Objectives
Each year, parents of nearly 400,000 children in the US are diagnosed with cancer. Approximately 20% of these individuals have an advanced form of the disease, for which there is no known cure. These parents face difficult medical, psychological, and social challenges across their illness trajectory: they not only have to grapple with the physical symptoms of their cancer and its treatment, but they also must explain their illness and prognosis to their children. In the context of anticipatory loss and grief counseling, AI has also emerged as a tool for legacy-building and remembrance of a deceased loved one as a way to fill the psychological void in a survivor’s life.

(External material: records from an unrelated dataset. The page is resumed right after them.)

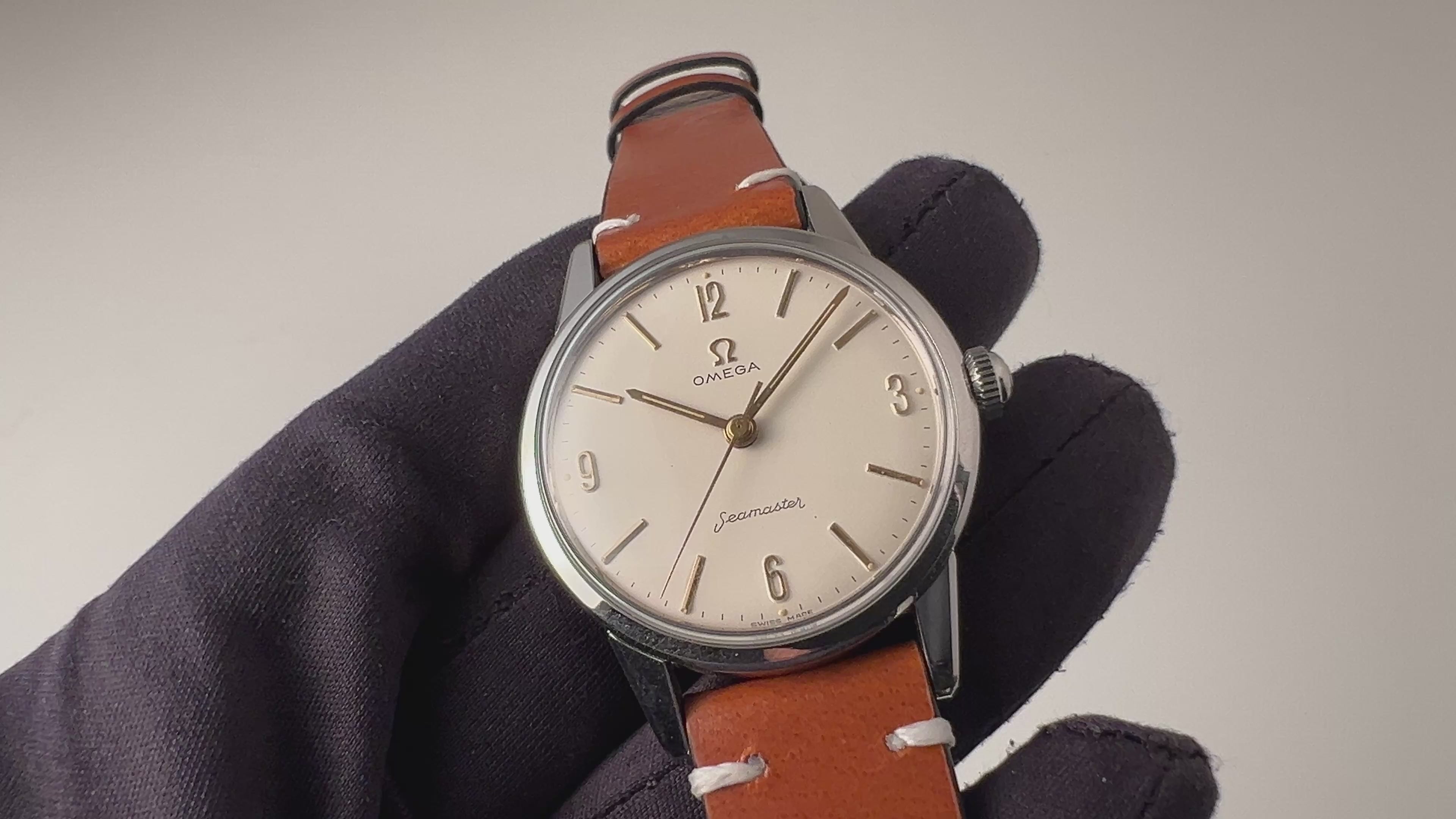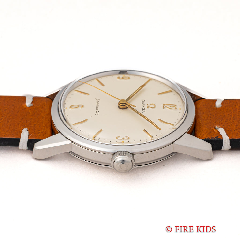 オメガ シーマスター 30mmキャリバー 手巻 Cal.285 1959年製 アラビアダイヤルの入荷になります。オメガの代表的な手巻きキャリバー30㎜シリーズの後期型Cal.285を搭載している珍しい1本です。ラグのしっかりとした防水ケースで存在感があります。ゆったりとしたカーブを描く文字盤や切れ味良さそうな針も魅力的です。ケースは小傷が見られますが大きなダメージはありません。文字盤表面に荒れが見られますが良い雰囲気です。ベルトは社外のカーフが取り付けられています。こちらの時計は分解掃除済みです。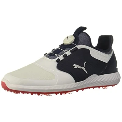 PUMA Men's Ignite Pwradapt Caged Disc Golf Shoe, White Silver Peacoat, 9 UK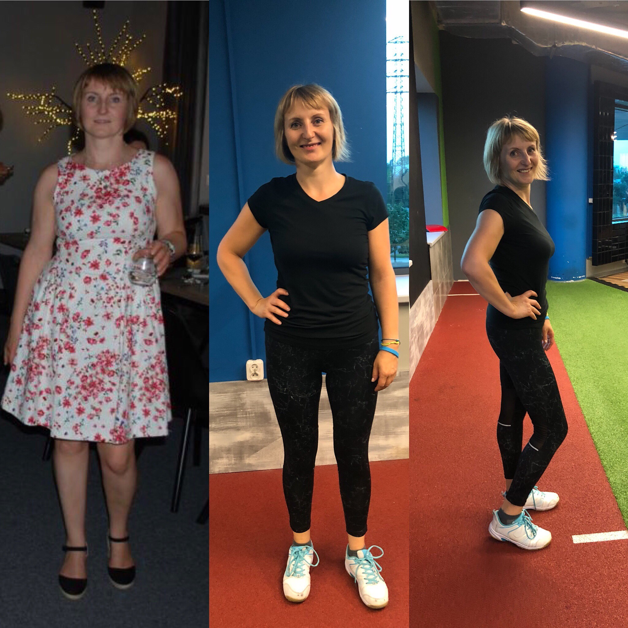 „Swoją przygodę z siłownią rozpoczęłam w styczniu 2018. Jak również zajecia z trenerka. Moja waga wyjściowa to 72. Obecnie 57.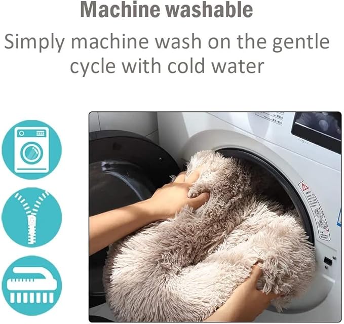 - Notice: This round cat bed is best gift for dogs/cats who love to curl up. Cat bed is stored and shipped compressed, rolled and vacuum sealed in a vacuum bag. Please pat to make the cat bed completely fluffy before use. wait for a few hours patiently and manually adjust the cat bed to the desired shape. Just put it in the washer when you want to clean it. The whole bed is safe in the washer and dryer (Hand wash or machine wash on gentle cycle. Tumble dry, low heat).

The overall purpose of Kenneth Tercyak’s IPAI project was to advance understanding of the potential uses of AI and GAI as a mental health tool in children’s bereavement following their loss of a parent to cancer. This study was conducted in two phases. In Phase 1, the team led key informant interviews (KII) to examine when CMHP believed psychological interventions should be initiated for children grieving the loss of a parent to cancer based upon the characteristics of the child, parent, and their family’s circumstances. In Phase 2, these findings were used to develop and deploy an online survey (completed by N~300 CMHP) about their opinions about the potential role of GAI as a resource for supporting children in this circumstance. All study data are now available for analysis.
Outcomes
Professionals were surveyed about their therapeutic approaches to caring for children when parents have incurable cancer under different scenarios. Data from physicians, psychologists, social workers, hospital chaplains, and community health workers were analyzed (N=294; 69% male, 72% white, 26% Latino, 56% rural/underserved communities) . Attitudes surrounding the timing of interventions across the parent’s cancer journey were compared, including how and when professionals believed AI resources could be introduced.

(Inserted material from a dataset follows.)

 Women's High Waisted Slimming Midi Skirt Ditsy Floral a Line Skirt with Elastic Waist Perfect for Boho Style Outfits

Across 10 dimensions of childhood, children’s premorbid exposure to traumatic events, a surviving parent’s presence, and child age were the most important factors to consider when making supportive and palliative care decisions in this context. Professionals reported being more likely to introduce resources as early as possible in the parent’s illness (i.e., upon diagnosis). Regarding the use of AI, 87% foresaw its role in supporting children’s mental health: 93.2% agreed that a grieving child could be supported by interacting with an AI generated version of their deceased parent’s likeness. Participants were conflicted over when such a tool could be first introduced–upon a parent’s illness diagnosis (19.4%), during a parent’s treatment (19.0%), or as part of a parent’s hospice care (12.6%). None believed it to be appropriate following the loss of the parent to cancer.
From these results, it can be concluded that AI may become a therapeutic resource for parents with incurable cancers to use to help support their children. The team emphasizes that additional research on the impact of AI on children’s mental health, grief, and psychological well-being over time is needed.